I continued on to the corner table where Kevin sat staring at his tablet. Probably reading a book. The guy was a huge bookworm. I didn’t have the patience for it.
“Sorry I’m late,” I said, slumping into the seat opposite my friend, allowing my bag to slide down my arm to the floor.
“Stalking, were you?” Kevin smiled as he stared at his screen.
“Whatever.” I sat back in the booth.
Kevin sighed and set the tablet down. “How long are you going to do this?”
“What?” I arranged my lunch. “Meet you for lunch and get interrogated?”
He leaned toward me. “Loitering around that girl’s apartment. Someone’s gonna call the cops, you know.”
“I’m not loitering. I just stopped by on the way over. I’m just trying to make things right.” My eyes caught a shadow outside the window, and I glanced out to see the woman in the long blue coat gazing at me as she passed by. It wasn’t my fault, lady.
“It’s been weeks now, with no word. Have you considered that maybe she’s trying to avoid you?”
I pressed my warm bagel with the palm of my hand. “That thought has crossed my mind.”
“So then, give it up. Seriously, you did your best. But you can’t force yourself on people.”
I dragged my fingers through my hair with an exaggerated sigh. He was right. If I continued showing up there, someone would probably report me. I’d tried. I’d gone above and beyond. I was done. It was time to move on. Maybe this was God’s will and His way of inspiring a fresh start.
My mood still low, I hardly had the desire to get out of bed the past several mornings. If it weren’t for my job, I’d probably have slept all day. I hauled myself out and trudged to the kitchen. I couldn’t go on much longer like this. I needed to force myself back on my life plan.
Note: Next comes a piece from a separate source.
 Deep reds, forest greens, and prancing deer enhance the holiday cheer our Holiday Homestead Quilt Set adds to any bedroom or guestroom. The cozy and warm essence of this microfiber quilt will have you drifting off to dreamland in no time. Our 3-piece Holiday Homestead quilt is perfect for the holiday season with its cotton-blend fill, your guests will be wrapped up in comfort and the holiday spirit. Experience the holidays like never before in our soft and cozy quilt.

I yanked the fridge door open and faced bare shelves. I slammed it shut and groaned. I’d have to make a trip to the grocery store after work no matter how late or how tired I felt. Kevin had classes all day at the gym and would appreciate the gesture.
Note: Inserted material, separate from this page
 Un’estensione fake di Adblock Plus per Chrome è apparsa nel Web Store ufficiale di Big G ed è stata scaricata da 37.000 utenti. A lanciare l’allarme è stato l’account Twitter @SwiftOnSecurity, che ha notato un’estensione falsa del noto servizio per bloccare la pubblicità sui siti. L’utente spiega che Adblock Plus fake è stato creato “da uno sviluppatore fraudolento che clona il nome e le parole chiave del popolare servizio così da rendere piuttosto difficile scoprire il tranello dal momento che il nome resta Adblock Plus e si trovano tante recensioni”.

I lifted a jar of powdered creamer from the cabinet and scooped some into a cup. Better than nothing, I guess. My phone buzzed on the counter as I filled my cup with coffee. Taking a sip, I reached for it.
The soft voice made my heart leap. A mix of fear and joy and anticipation collided within me, and I took a deep breath to help keep it together.
“Ivan?” she asked.
Closing my eyes, I ran my fingers over my scar. “Isaac.”
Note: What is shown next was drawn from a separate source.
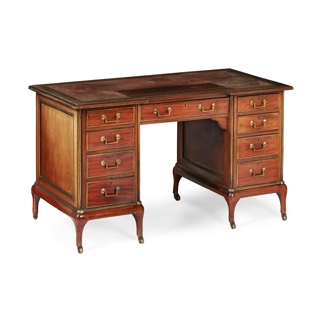 EDWARDIAN MAHOGANY BRASS BANDED KNEEHOLE DESK

“Oh, right. Sorry. Hey, Isaac. Listen, this is Rebecca. From a while ago? We met at Leary’s Bar. We . . . well we, y’know—”
“Yes, Rebecca,” I interrupted her, not sure if I was saving her from saying the words or myself from hearing them. “I totally remember you. Of course. I’ve actually been trying to see you again.” Maybe I should have tried again to catch her at home or left more than that first note. I just didn’t want her to think I was stalking.
“Great.” She sighed. “I’m so glad you remember me.”
“Absolutely.” How could I not? “So do you want to get together or something? Is that . . . is that why you’re calling?” I gritted my teeth to stop myself from babbling on like a fool.
“No, yeah . . . actually, yes, I want to see you . . . I . . .” She paused briefly. “I want to see you. I need to see you. Can I see you?”
Whoa! She sounded almost desperate. “Sure.”
“Tonight?” It was Friday. Definitely a good night for a date. And I have the chance to make it right.
We arranged to meet at a local coffee shop. I’d have liked to take her to dinner, but she insisted on just coffee. Maybe she wanted to avoid what happened before. Regardless, I hovered through my day, trying to focus on designs, but always, my mind was on her and the impending date. And when I walked in and saw her sitting in a booth by the window, looking at her phone, a gush of joy filled my chest. This could work, right, Lord?
Dressed in jeans and a peach-colored sweater, her hair loose down her back, Rebecca gazed up. She watched me walk toward the table, her green eyes sparkling, and then she smiled. Yes! This can totally work.